Here a clustered heatmap. I am working on a solution to extract the gene names from specific regions if this is helpful. 8_Signature_Clustered

9 Upset Plot "Intersect"

Now the Upset Plot, it can be calculated in three different modes (distinct, intersect, union), info here "Intersect" -> In Set if Gene present in both Signatures Intersection size and Genes in the sets can be extracted for downloading / table view 9_Upset_intersect

czackl commented 2 years ago

Note: Single Signature plots where rendered using a bisque siganture

6 and 7 don't seem to be really useful in retrospect.

Here another Heatmap, same as 8 but partitioned and split using k-means (with number of clusters = number of cell types). Unfortunately i was not able to control the order of the chunks yet so they will have a different order every time they are recalculated, working on that. 10_ClusteredSignature_kmeanPartitioned

czackl commented 2 years ago

I had another idea for the signatures but i am little unsure about the results.

I wanted to see if the genes/clusters from the heatmap above actually separate well. I would expect to have "better" deconvolution results if they do, but i could be wrong here. This is a tSNE with the same data as in the heatmap, so log10 and z-scored. Colors are kmeans partitions, so the "columns" of the heatmap above.

bisque momf cibersortx
image image image

Federico suggested to have a look at the silhouette score, will have a look at that later.

Does something like this make sense?

czackl commented 2 years ago

Update: I found a feature to extract clusters from the heatmap directly (Problem: kmeans starts with random centers) so in the following plots the clusters between the plots show the same genes (see the numbers for annotation). I also added a silhouette score plot.

These plots are for a bisque signature.

Heatmap tsne silhouette score
Rplot Rplot02 Rplot03

Tbh, i have seen much better clustering. The clusters don't really separate at all, but this doesn't have to be due to tSNE, i will test a different dataset when i have one. However, some features can be seen very good like the large overlaps of clusters 1 & 2 or the difficult separation of cluster 3 as seen in the heatmap. Also the silhouette score plot confirms the poor quality of the clustering.

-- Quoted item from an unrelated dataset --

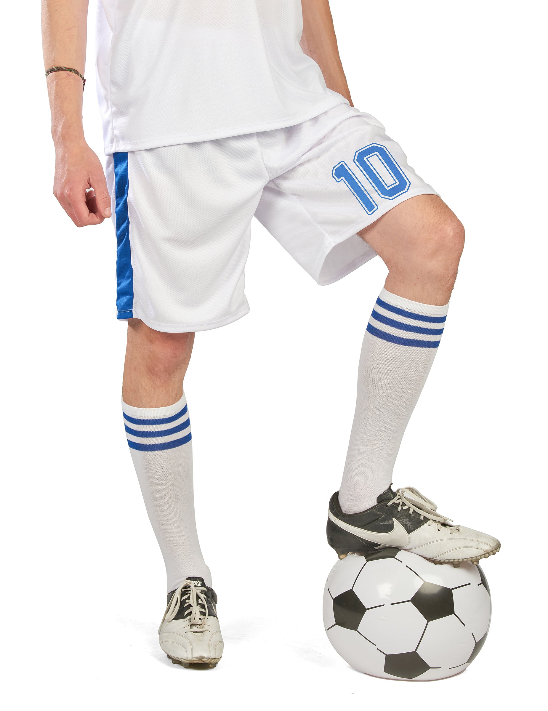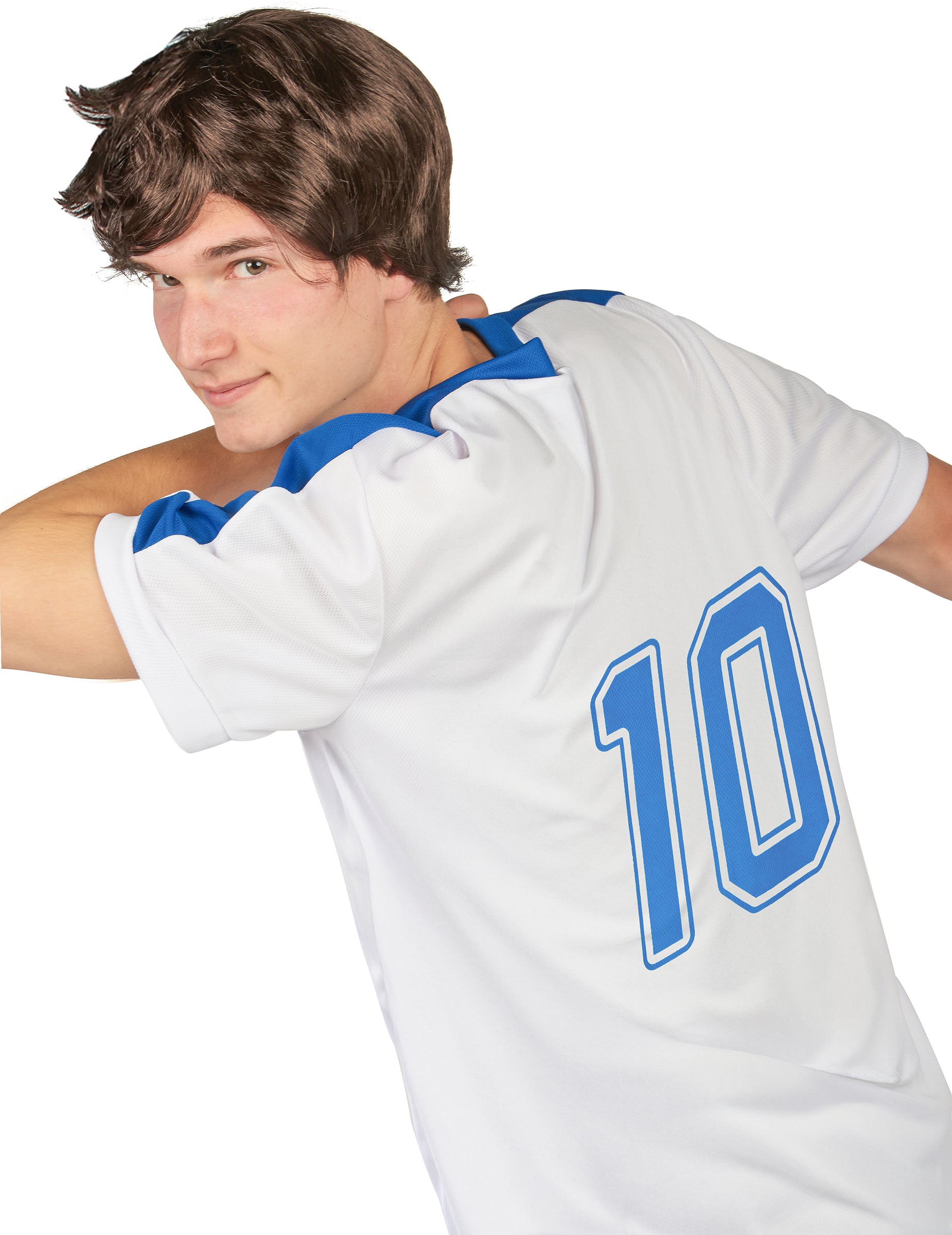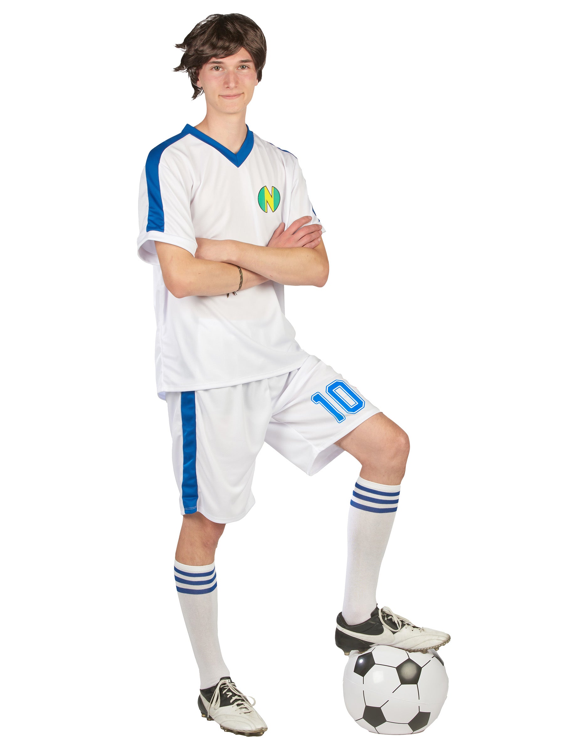 Ta preobleka kot nogometni kapetan za moške je kot nalašč za utelešenje legendarnega igralca na igrišču. Vključuje visoke, kratke hlače in par nogavic. Vrh je bel z V -Necken in modrimi trakovi na ramenih, ki dodajo dinamičen in športni pridih. Na prsni koš je pritrjena značilna značka, ki spominja na slog emblematičnih ekipnih oblek. Ujemajoče se kratke hlače, bele z modrimi detajli, na stegnu nosijo številko 10, kar simbolizira vlogo kapetana in igralca. Kostum tega nogometnega kapetana bo idealen za prikrit večer, športni dogodek ali vsako priložnost, ko želite pokazati svoje talente na igrišču!

One could in fact think about refining a signature by removing "noisy" genes (potentially parts of cluster 3)

Do you think the general approach could be useful?

czackl commented 2 years ago

We could use the score i am using for creating signatures to annotate the signature heatmap a little bit better. A higher entropy value indicates a "less informative" or "less significant" gene.

Both signatures cluster rows and columns. Annotation is possible by lines or barplots.

A signature made with the tools in the signatureGeneration repo: image

Til10: image

Regarding the heatmap: I tried making a bicluster heatmap but this seems to be more difficult than expected. If there are packages you can recommend :) (i tried biclust but did not archive the results i expected)

Edit: For now i removed the "heatmap segmenting by kmeans", i think there is not really an information gain and computation is much faster without.